The visual layer never has to reason about timing or scoring. It just animates whatever phase the server says it is in, and counts down to a deadline the server set.
Zero-friction sessions, and surviving a drop
The model only works if a streamer can get going without a fight. Quizo addresses each session by a UUID URL with no login. You create a session, get a unique link, and drop it into OBS as a browser source. No account, no password, no ceremony.
But streaming is hostile to long-lived connections. Browser sources reload, machines hiccup, and even the deploy process restarts the server mid-round. Two mechanisms keep that from showing on stream. The WebSocket layer runs a ping/pong heartbeat: every 30 seconds it pings each client, and a socket that misses its pong gets terminated and cleaned up so dead listeners do not pile up. On the client, onclose schedules a reconnect after two seconds, and the very first thing the server sends a fresh connection is the current full state. A reconnect is just another client asking for the latest snapshot; nothing is reconstructed from guesswork.
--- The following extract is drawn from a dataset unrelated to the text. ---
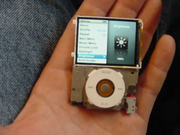 El Ipod (Nano, 4GB, 3ra generación) el botón de "play" en la rueda dejó de funcionar. Utiliza un cuchillo y separa las mitades (no sé nada de Ipods. Se dispone de una herramienta de plástico que lleva las mitades separadas)

Server restarts are the harder case, and this is where persistence earns its keep. Session status, current question index, and crucially phase_ends_at are written to SQLite on every transition. When the engine loads a session back into memory after a restart, it compares that stored deadline to the current time:
if (deadline > now) {
// still time left: resume the timer with the remainder
resumeTimer(Math.ceil((deadline - now) / 1000));
} else {
// the window elapsed while we were down: catch up now
handleExpiredDeadline();
}
If the answer window was still open, it resumes with the correct remaining seconds. If the window quietly expired while the process was down, the engine immediately runs the transition that should have already happened, so the round catches up instead of freezing on a stale question. Persisting the authoritative state, not the client view, is what makes reconnects and restarts boring.
What I learned
- If multiple clients must agree, give one of them ownership and let the rest render. Disagreement you cannot represent is disagreement you never have to debug.
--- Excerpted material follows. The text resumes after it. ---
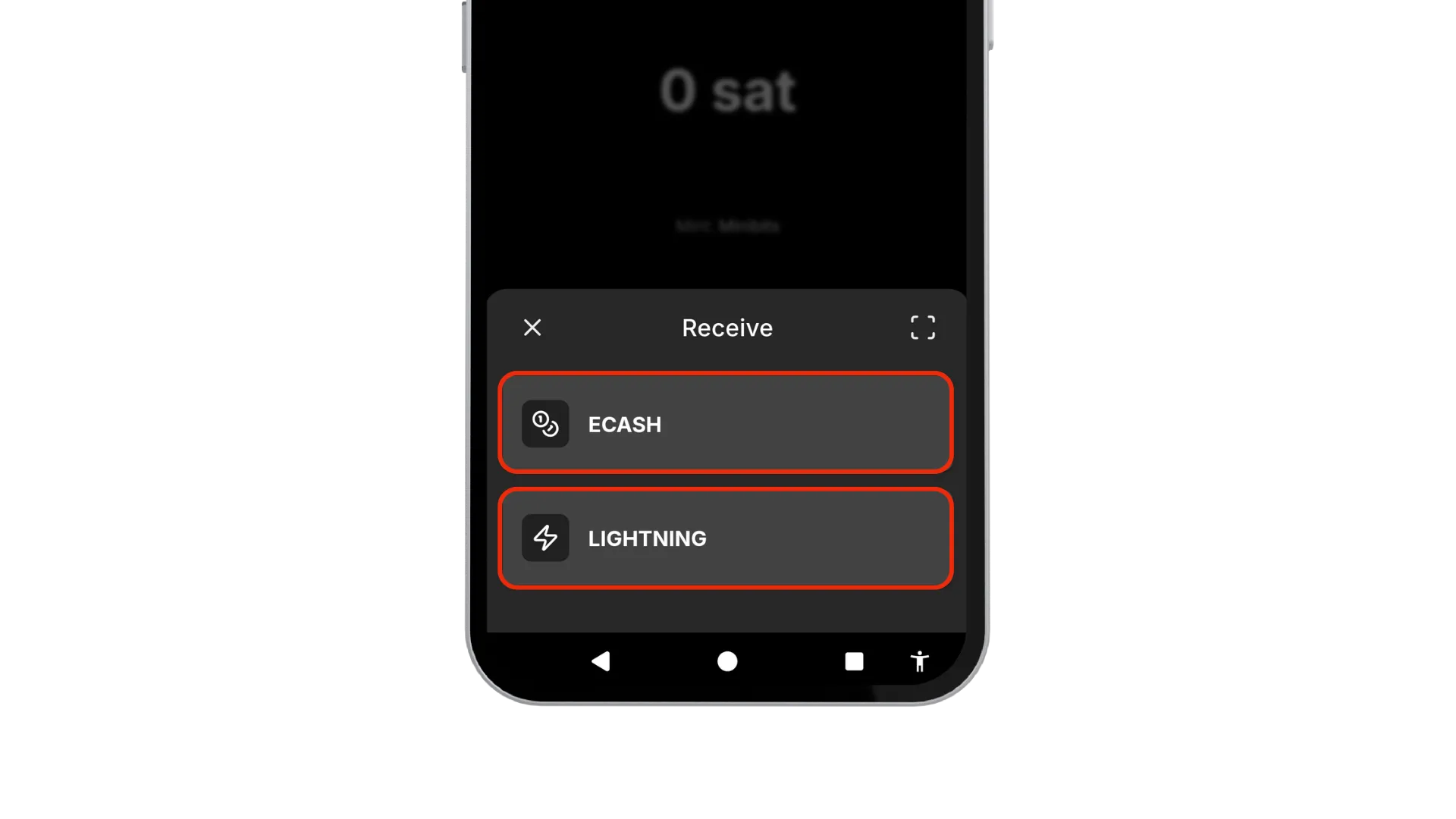 The ecash method lets you receive tokens directly from another ecash wallet. Start by tapping the

- Broadcasting a full, idempotent snapshot beats diffing when correctness matters more than bandwidth, especially across flaky connections.
- Send a deadline, not a countdown. Let each client derive remaining time, so a missed tick self-heals instead of accumulating into a visible skip.
- Know where your code actually runs. The OBS browser source throttles timers, and the fix had nothing to do with my architecture and everything to do with its rendering environment.
- Persist the source of truth, not the view. A stored deadline turned both reconnects and server restarts into routine catch-up rather than recovery puzzles.